Provided data:
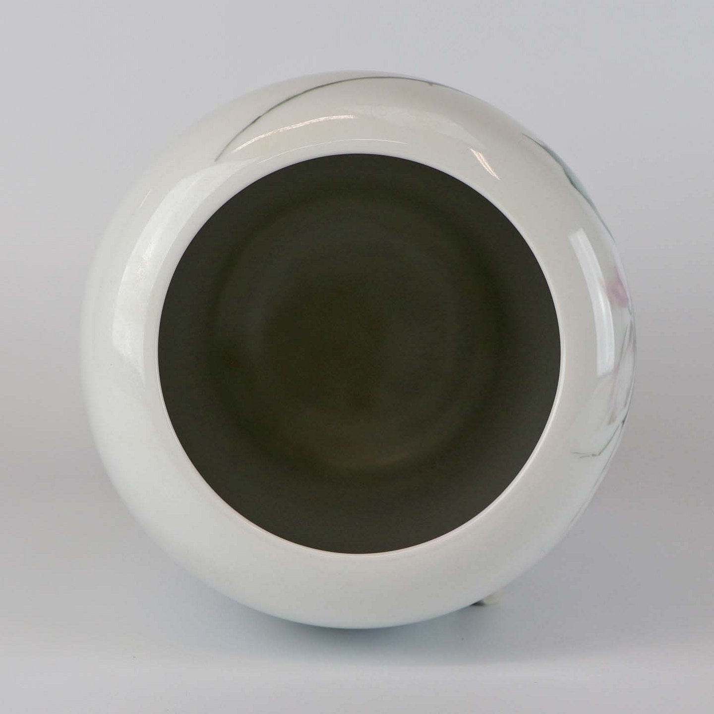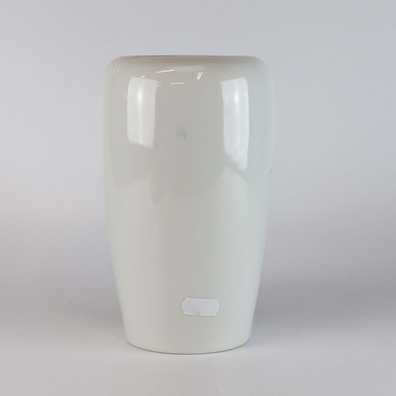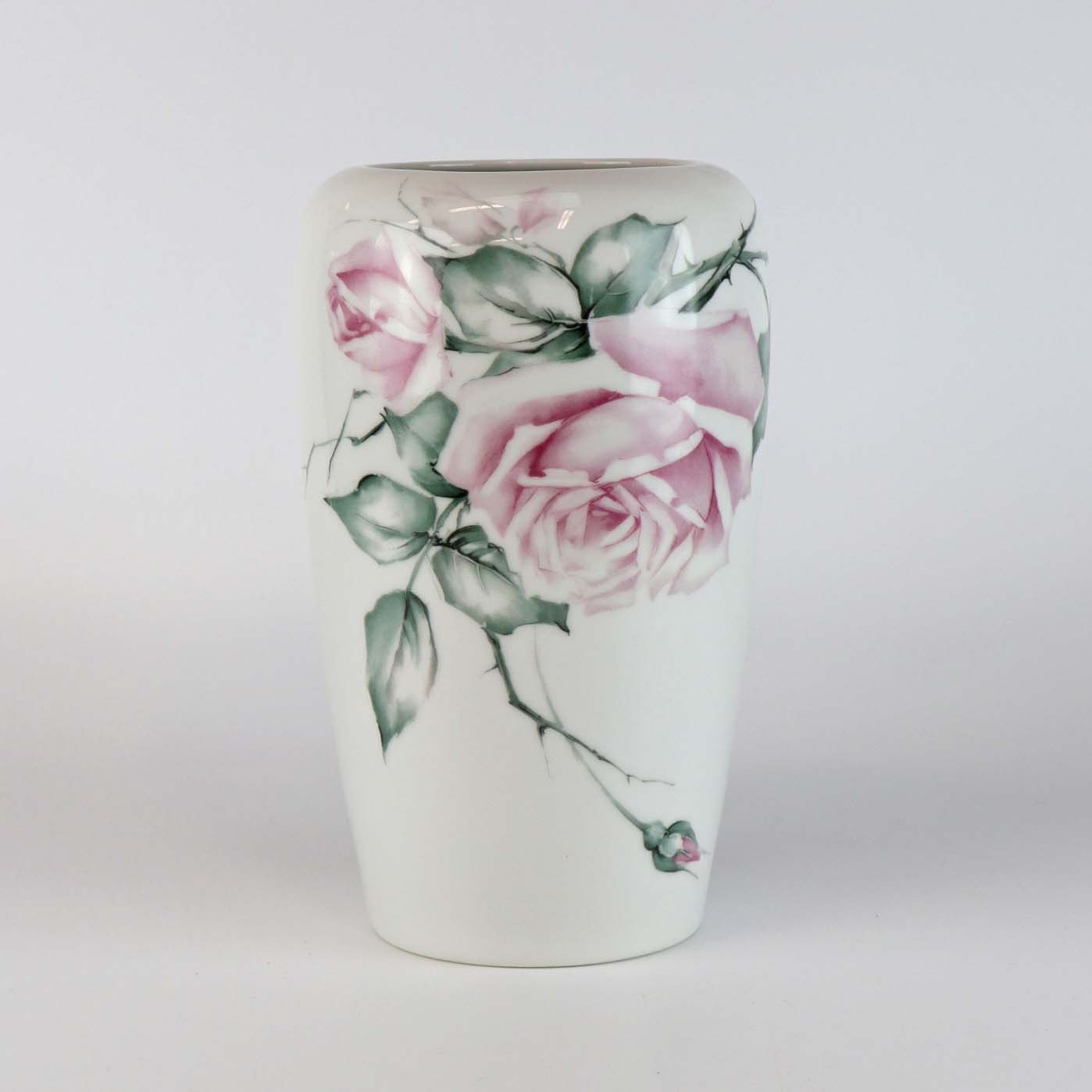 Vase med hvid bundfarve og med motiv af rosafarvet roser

--

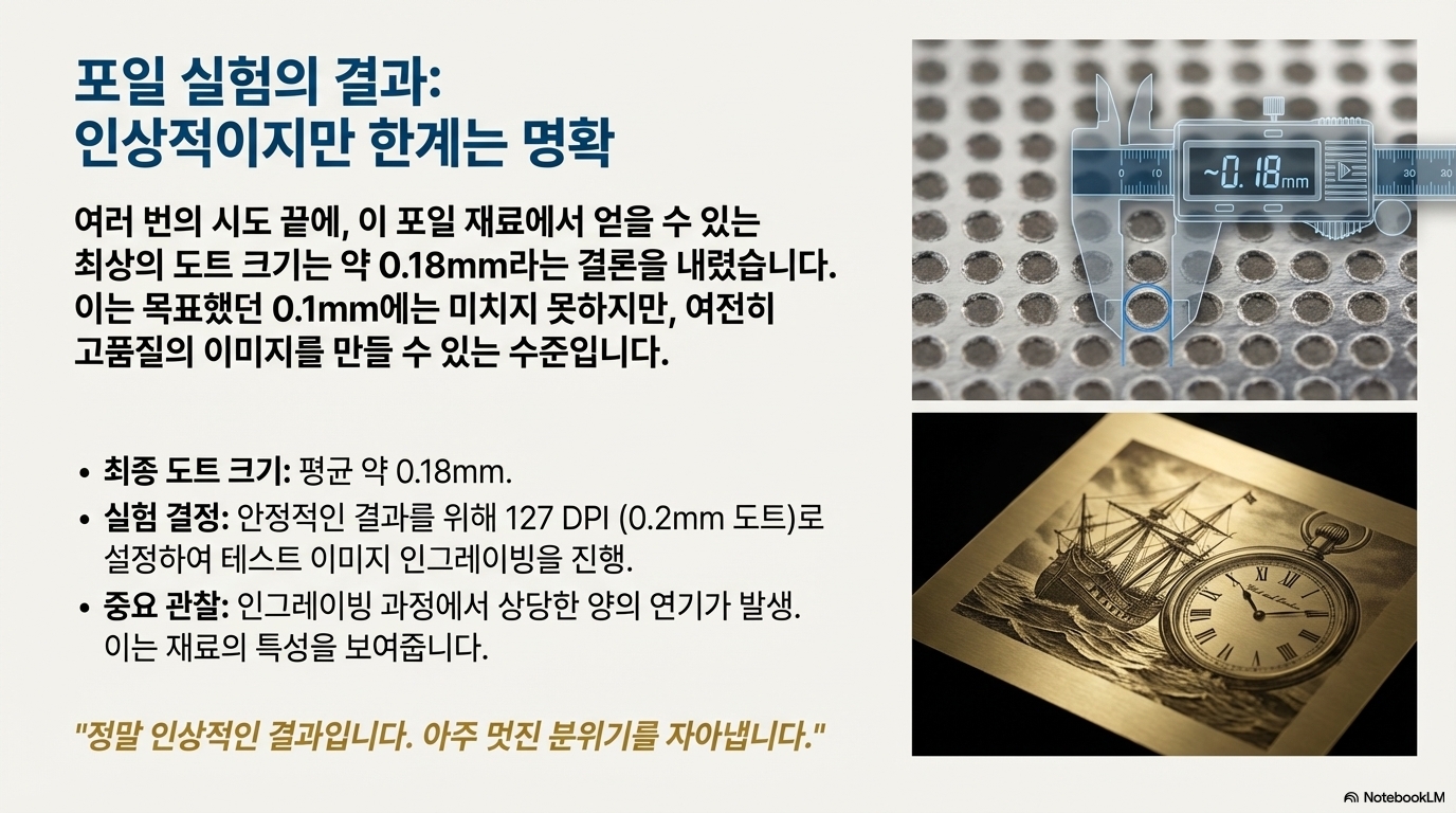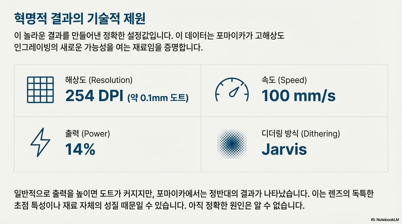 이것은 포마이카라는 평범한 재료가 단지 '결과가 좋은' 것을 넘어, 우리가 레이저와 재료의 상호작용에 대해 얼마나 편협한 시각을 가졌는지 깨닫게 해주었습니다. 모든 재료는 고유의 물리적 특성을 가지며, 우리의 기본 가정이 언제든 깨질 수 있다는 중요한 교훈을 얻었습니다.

...

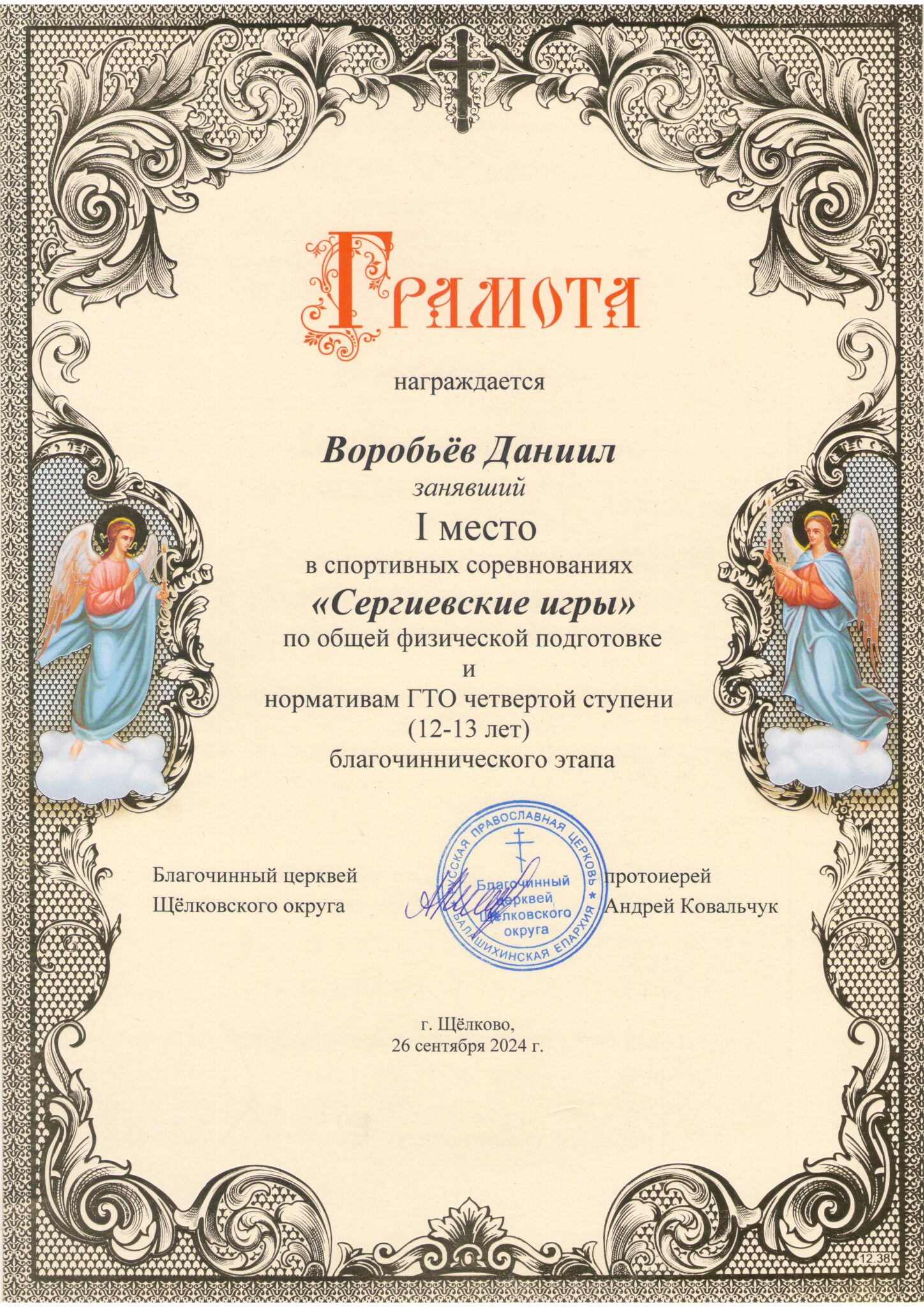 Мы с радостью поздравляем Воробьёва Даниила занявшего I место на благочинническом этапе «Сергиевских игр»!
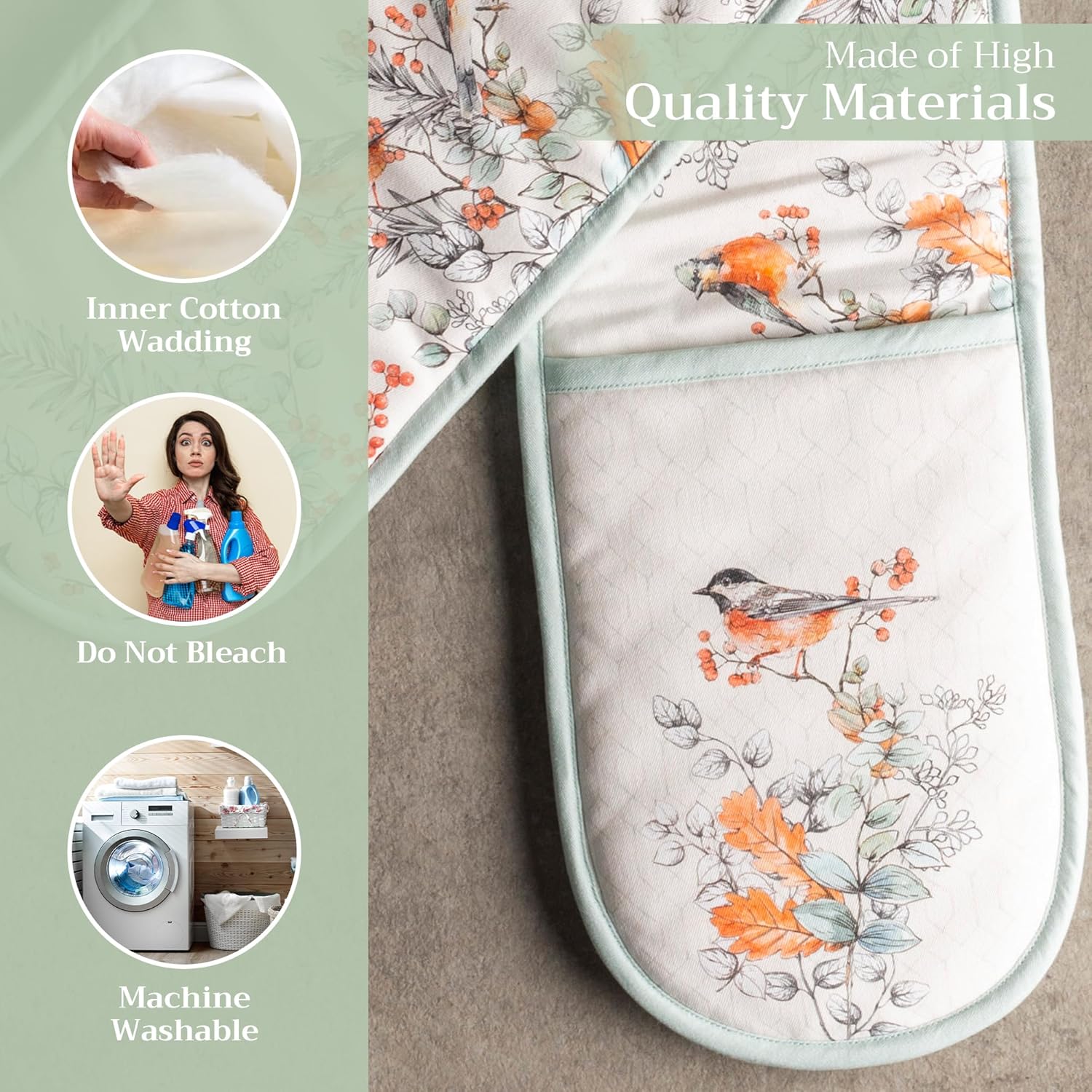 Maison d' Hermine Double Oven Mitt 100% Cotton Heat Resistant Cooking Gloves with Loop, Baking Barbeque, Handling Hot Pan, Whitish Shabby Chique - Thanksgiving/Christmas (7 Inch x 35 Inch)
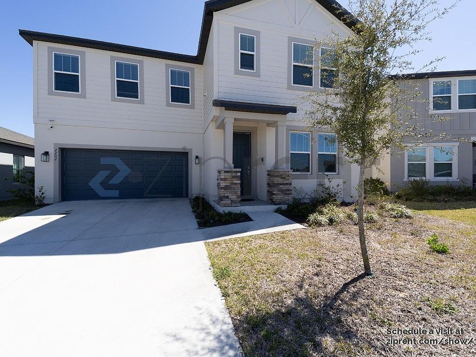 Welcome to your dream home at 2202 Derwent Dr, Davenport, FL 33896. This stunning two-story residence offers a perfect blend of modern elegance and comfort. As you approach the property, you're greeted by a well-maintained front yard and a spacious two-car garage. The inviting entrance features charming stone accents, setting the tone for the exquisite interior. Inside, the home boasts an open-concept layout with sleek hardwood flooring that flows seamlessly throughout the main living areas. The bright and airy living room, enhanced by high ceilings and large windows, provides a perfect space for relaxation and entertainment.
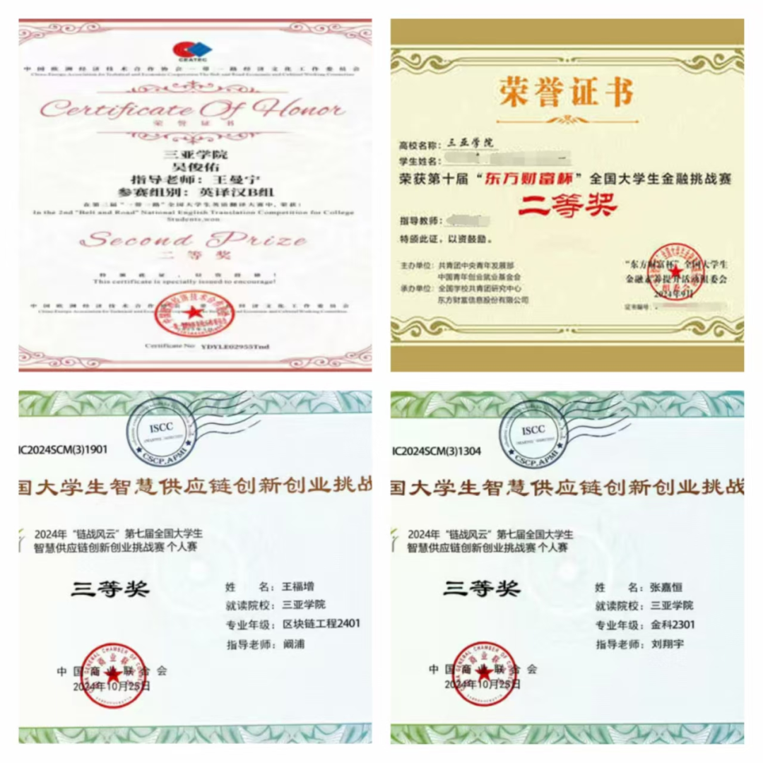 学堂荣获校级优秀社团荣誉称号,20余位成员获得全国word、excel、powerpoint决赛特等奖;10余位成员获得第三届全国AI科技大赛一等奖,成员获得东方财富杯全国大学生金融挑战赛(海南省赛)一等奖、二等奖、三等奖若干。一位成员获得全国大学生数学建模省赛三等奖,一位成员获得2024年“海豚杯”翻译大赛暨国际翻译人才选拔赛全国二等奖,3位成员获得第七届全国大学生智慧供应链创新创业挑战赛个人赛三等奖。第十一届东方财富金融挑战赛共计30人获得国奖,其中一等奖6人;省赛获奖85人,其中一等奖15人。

Work request: In the listing above, find the line containing "Мы с радостью" and the line containing "学堂荣获校级优秀社团荣誉称号". Reproduce those lines and all between them exactly, with no pictures and nothing more.

Answer section:
 Мы с радостью поздравляем Воробьёва Даниила занявшего I место на благочинническом этапе «Сергиевских игр»!
 Maison d' Hermine Double Oven Mitt 100% Cotton Heat Resistant Cooking Gloves with Loop, Baking Barbeque, Handling Hot Pan, Whitish Shabby Chique - Thanksgiving/Christmas (7 Inch x 35 Inch)
 Welcome to your dream home at 2202 Derwent Dr, Davenport, FL 33896. This stunning two-story residence offers a perfect blend of modern elegance and comfort. As you approach the property, you're greeted by a well-maintained front yard and a spacious two-car garage. The inviting entrance features charming stone accents, setting the tone for the exquisite interior. Inside, the home boasts an open-concept layout with sleek hardwood flooring that flows seamlessly throughout the main living areas. The bright and airy living room, enhanced by high ceilings and large windows, provides a perfect space for relaxation and entertainment.
 学堂荣获校级优秀社团荣誉称号,20余位成员获得全国word、excel、powerpoint决赛特等奖;10余位成员获得第三届全国AI科技大赛一等奖,成员获得东方财富杯全国大学生金融挑战赛(海南省赛)一等奖、二等奖、三等奖若干。一位成员获得全国大学生数学建模省赛三等奖,一位成员获得2024年“海豚杯”翻译大赛暨国际翻译人才选拔赛全国二等奖,3位成员获得第七届全国大学生智慧供应链创新创业挑战赛个人赛三等奖。第十一届东方财富金融挑战赛共计30人获得国奖,其中一等奖6人;省赛获奖85人,其中一等奖15人。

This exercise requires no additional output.